[Opening Exercise inputs section]
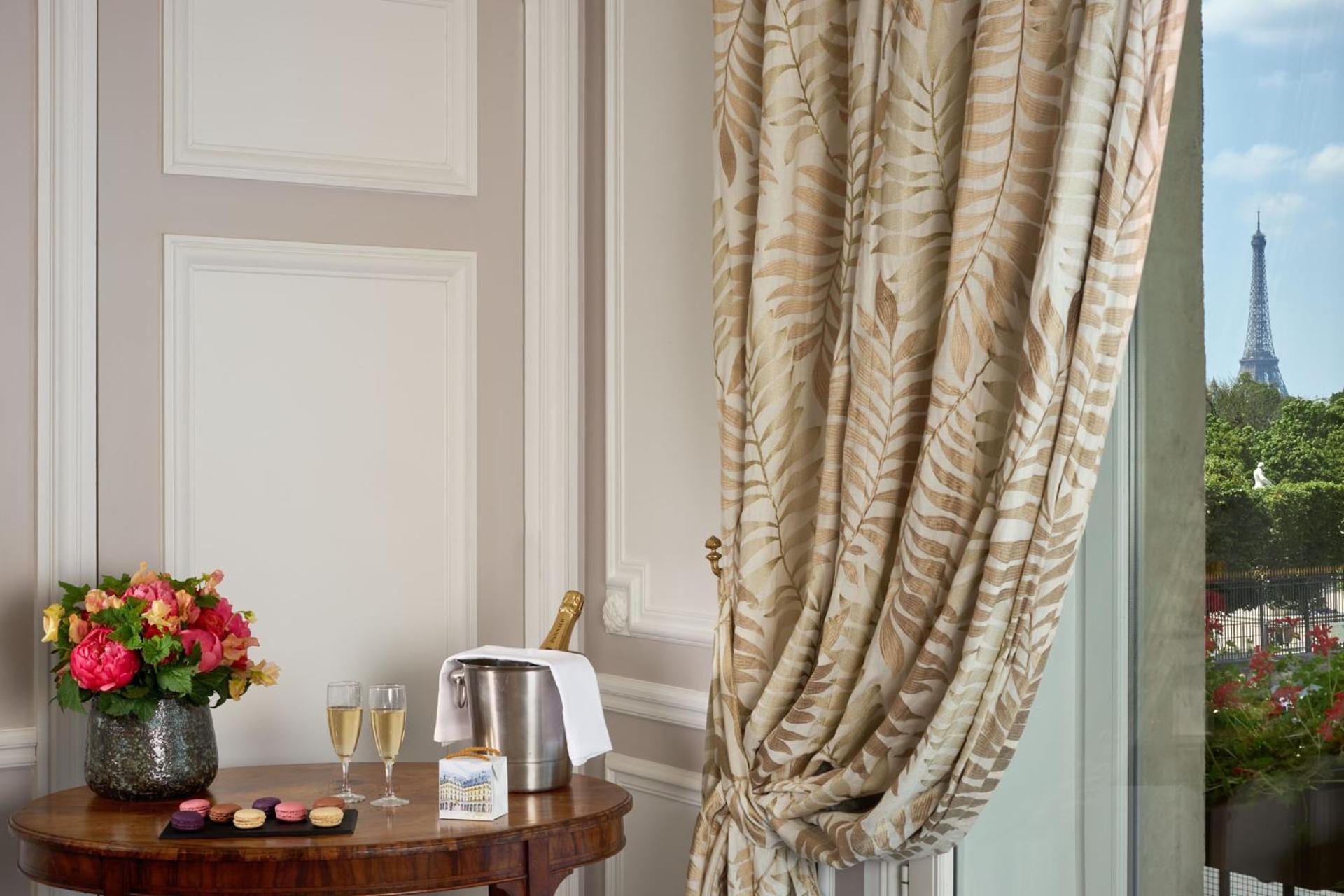 Indulge in luxury with air-conditioned rooms featuring flat-screen TVs, free WiFi, and picturesque views of Tuileries Gardens and the Louvre. Enjoy the convenience of in-room coffee and tea facilities for a cozy stay.
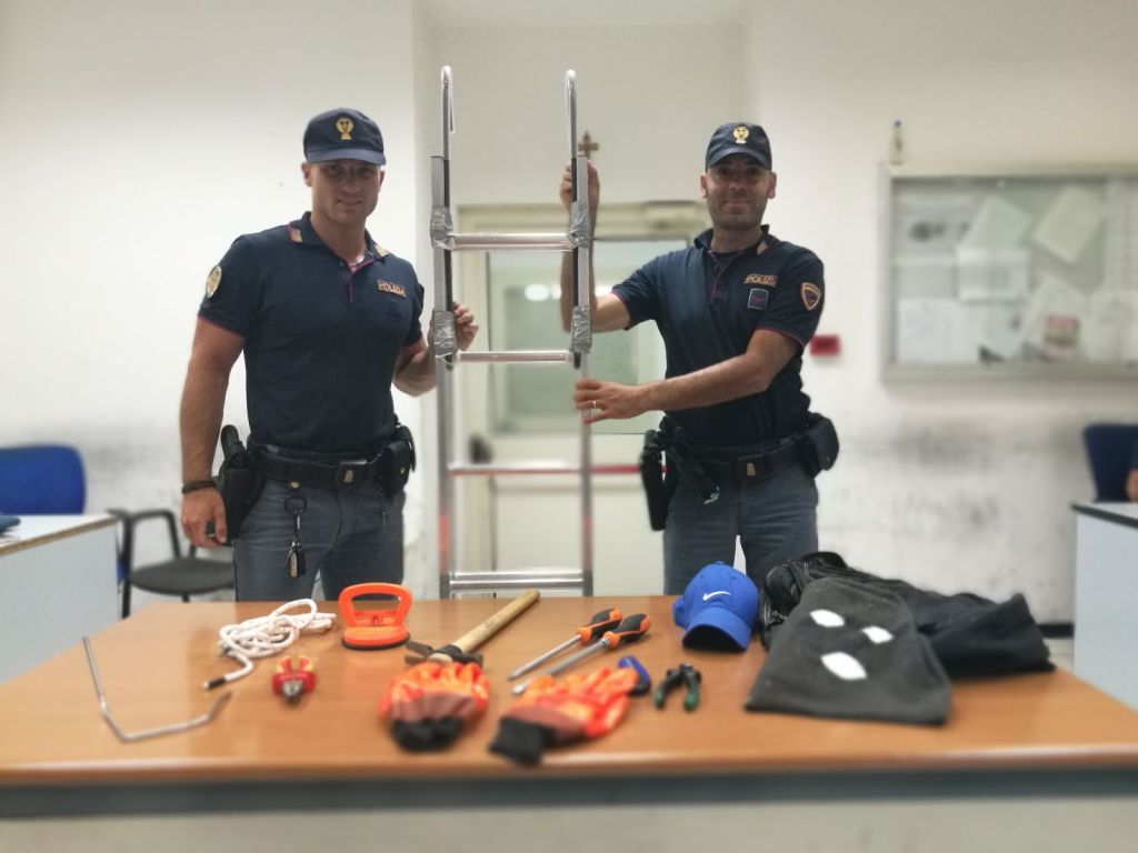 L’uomo, prima di venire raggiunto dagli agenti, aveva goffamente tentato di occultare tra le siepi, uno zainetto contenente cacciavite, pinze, funi, tronchessa, martello e guanti.
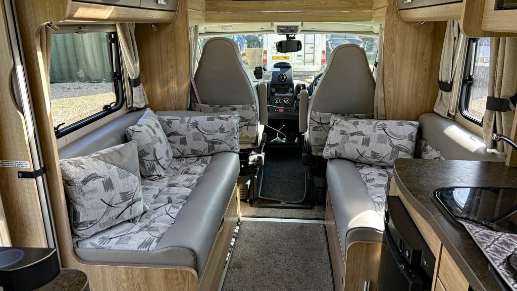 Having learned the hard way that “if you pay peanuts you get monkeys” we went back to Regal Furnishing for a quote to replace all the upholstery and recover the driver and passenger seats (when swivelled round they form part of the lounge furniture) this time the cost was two arms and two legs but we felt that at Regal Furnishing we would get top quality materials and top quality workmanship for the manufacture and install.
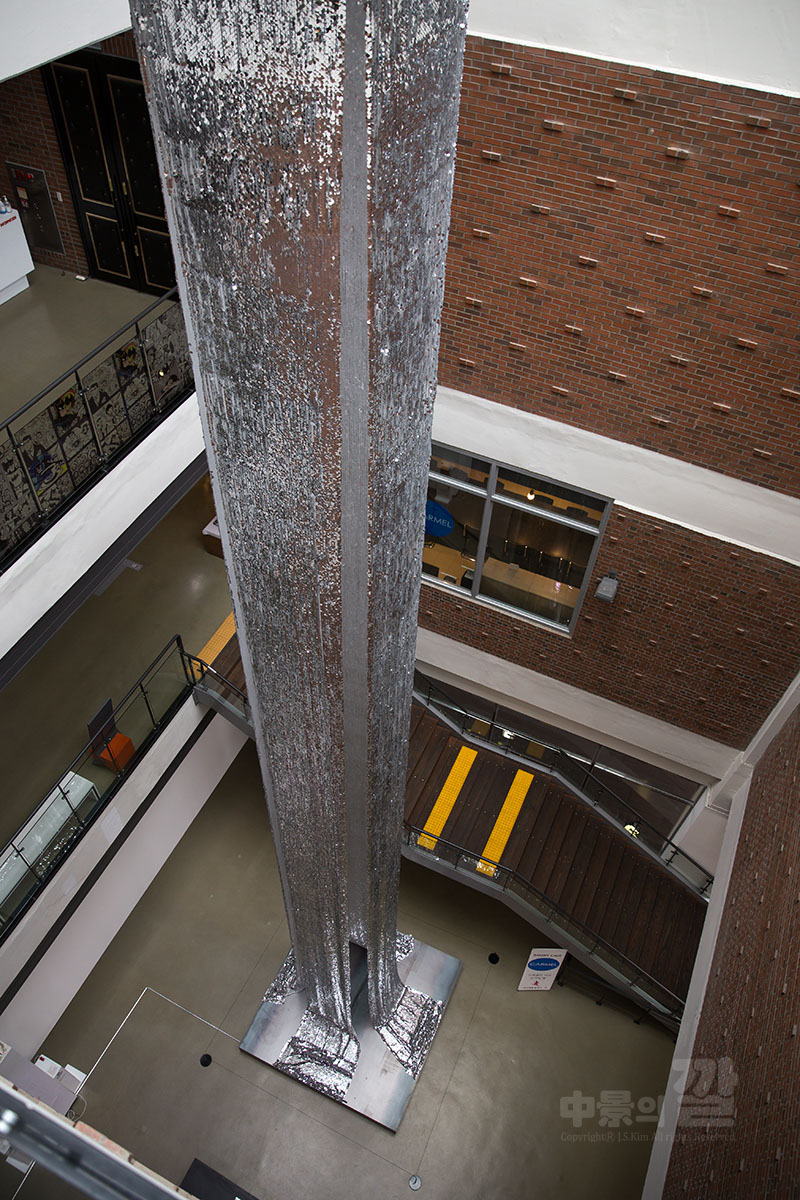 스팽글 기둥으로 제작된 기념비 형식의 설치물에는 올 한 해 동안 변화하는 대구예술발전소의 풍경이 비춰져
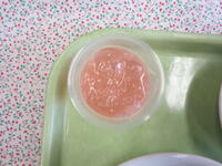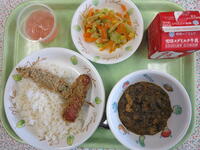 本日のおすすめ献立は、「本に出てくる料理が食べたい券」で1年生が応募した「ルルとララのキラキラゼリー」の本にちなんだ、「キラキラゼリー」です。下はサイダー味、上はマスカット味に工夫され、すっきりとした甘さの可愛いゼリーでした。リクエストした1年生は、初めて放送室に来てマイクに向かいました。はっきりとした元気な声で、上手に本の内容を説明してくれました。家でも作ってみたくなるピンク色のゼリーでした。
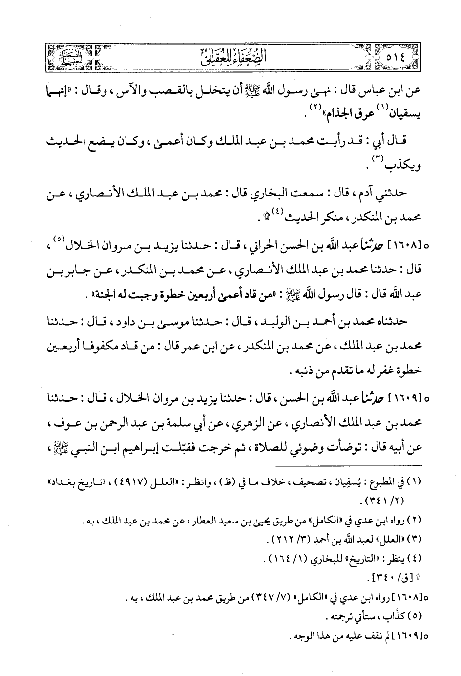 [1608] (6) حدثنا عبد الله بن الحسن الحراني، قال: حدثنا يزيد بن مروان الخلال (7)، قال: حدثنا محمد بن عبد الملك الأنصاري، عن محمد بن المنكدر، عن جابر بن عبد الله قال: قال رسول الله صلى الله عليه وسلمع: «من قاد أعمى أربعين خطوة وجبت له الجنة».
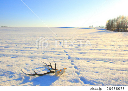 北海道の大自然 エゾ鹿の骸骨と角と雪原とキタキツネの足跡と太陽
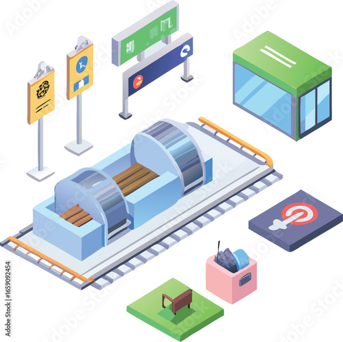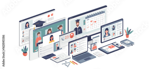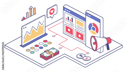 Trailer online vector illustration. Isometric 3 d camper car or motor home for sale or rental on laptop keyboard. Online shopping, e-commerce concept design elements isolated on white background.
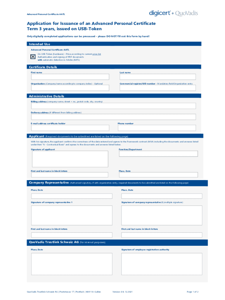 Advanced Personal Certificate AATLApplication for Issuance of an Advanced Personal Certificate Term 3 years, issued on Unbroken Only digitally completed applications can be processed please DO NOT
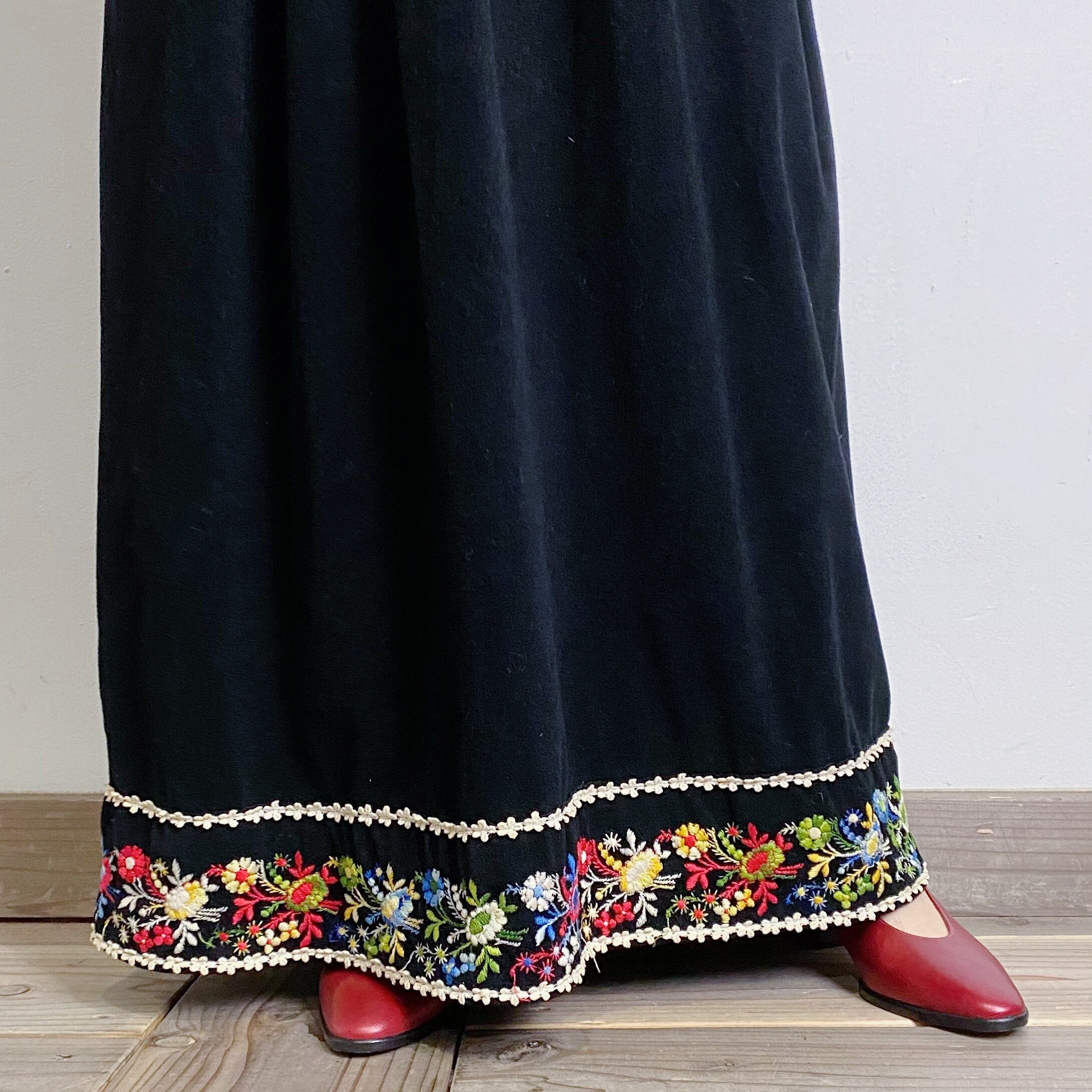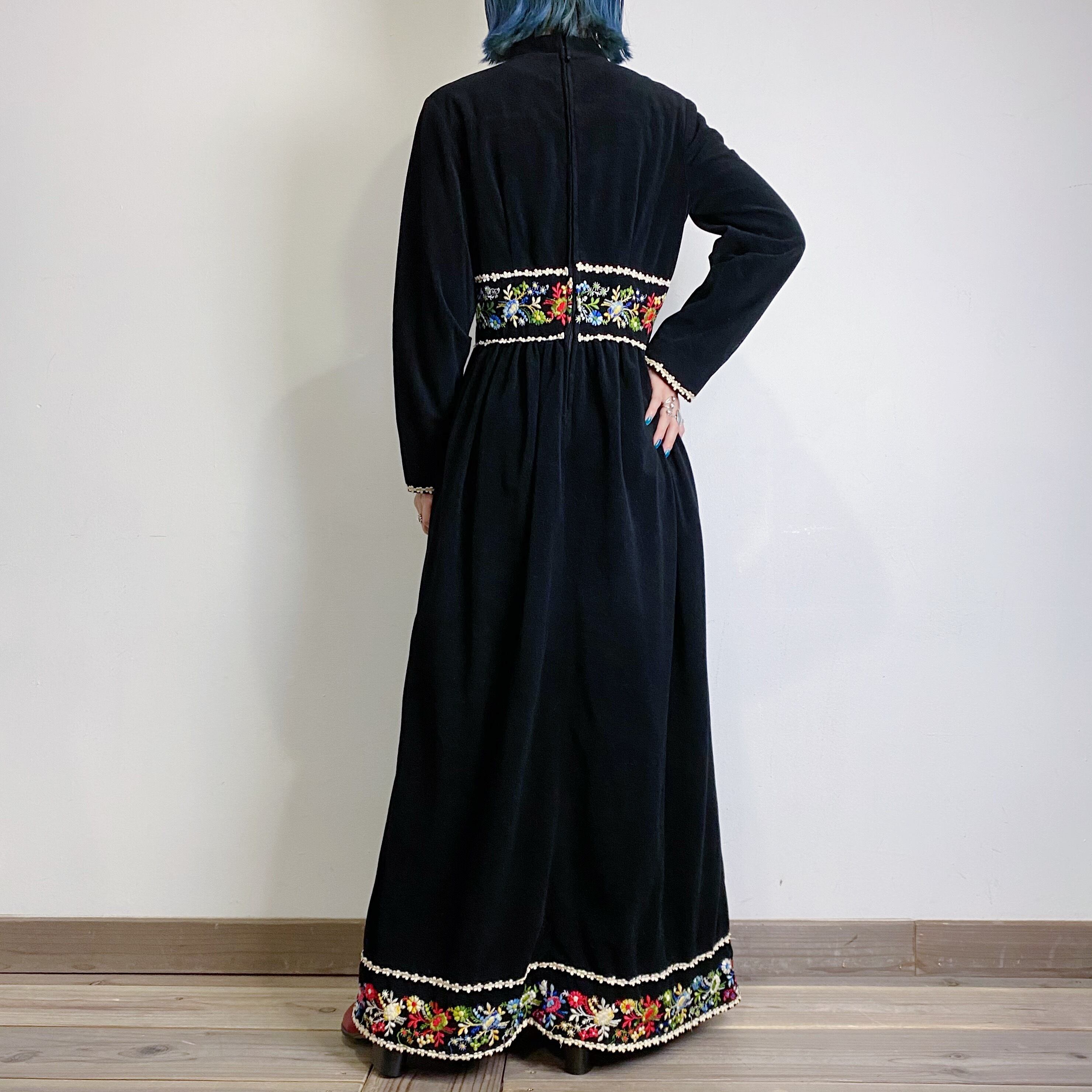 黒ベロアにウエストと裾の刺繍が可愛い70年代のワンピースです。
[Closing Exercise inputs section]
Work to be completed
Down to the last line, print the material exactly, but not its pictures.

Exercise output
 Indulge in luxury with air-conditioned rooms featuring flat-screen TVs, free WiFi, and picturesque views of Tuileries Gardens and the Louvre. Enjoy the convenience of in-room coffee and tea facilities for a cozy stay.
 L’uomo, prima di venire raggiunto dagli agenti, aveva goffamente tentato di occultare tra le siepi, uno zainetto contenente cacciavite, pinze, funi, tronchessa, martello e guanti.
 Having learned the hard way that “if you pay peanuts you get monkeys” we went back to Regal Furnishing for a quote to replace all the upholstery and recover the driver and passenger seats (when swivelled round they form part of the lounge furniture) this time the cost was two arms and two legs but we felt that at Regal Furnishing we would get top quality materials and top quality workmanship for the manufacture and install.
 스팽글 기둥으로 제작된 기념비 형식의 설치물에는 올 한 해 동안 변화하는 대구예술발전소의 풍경이 비춰져
 本日のおすすめ献立は、「本に出てくる料理が食べたい券」で1年生が応募した「ルルとララのキラキラゼリー」の本にちなんだ、「キラキラゼリー」です。下はサイダー味、上はマスカット味に工夫され、すっきりとした甘さの可愛いゼリーでした。リクエストした1年生は、初めて放送室に来てマイクに向かいました。はっきりとした元気な声で、上手に本の内容を説明してくれました。家でも作ってみたくなるピンク色のゼリーでした。
 [1608] (6) حدثنا عبد الله بن الحسن الحراني، قال: حدثنا يزيد بن مروان الخلال (7)، قال: حدثنا محمد بن عبد الملك الأنصاري، عن محمد بن المنكدر، عن جابر بن عبد الله قال: قال رسول الله صلى الله عليه وسلمع: «من قاد أعمى أربعين خطوة وجبت له الجنة».
 北海道の大自然 エゾ鹿の骸骨と角と雪原とキタキツネの足跡と太陽
 Trailer online vector illustration. Isometric 3 d camper car or motor home for sale or rental on laptop keyboard. Online shopping, e-commerce concept design elements isolated on white background.
 Advanced Personal Certificate AATLApplication for Issuance of an Advanced Personal Certificate Term 3 years, issued on Unbroken Only digitally completed applications can be processed please DO NOT
 黒ベロアにウエストと裾の刺繍が可愛い70年代のワンピースです。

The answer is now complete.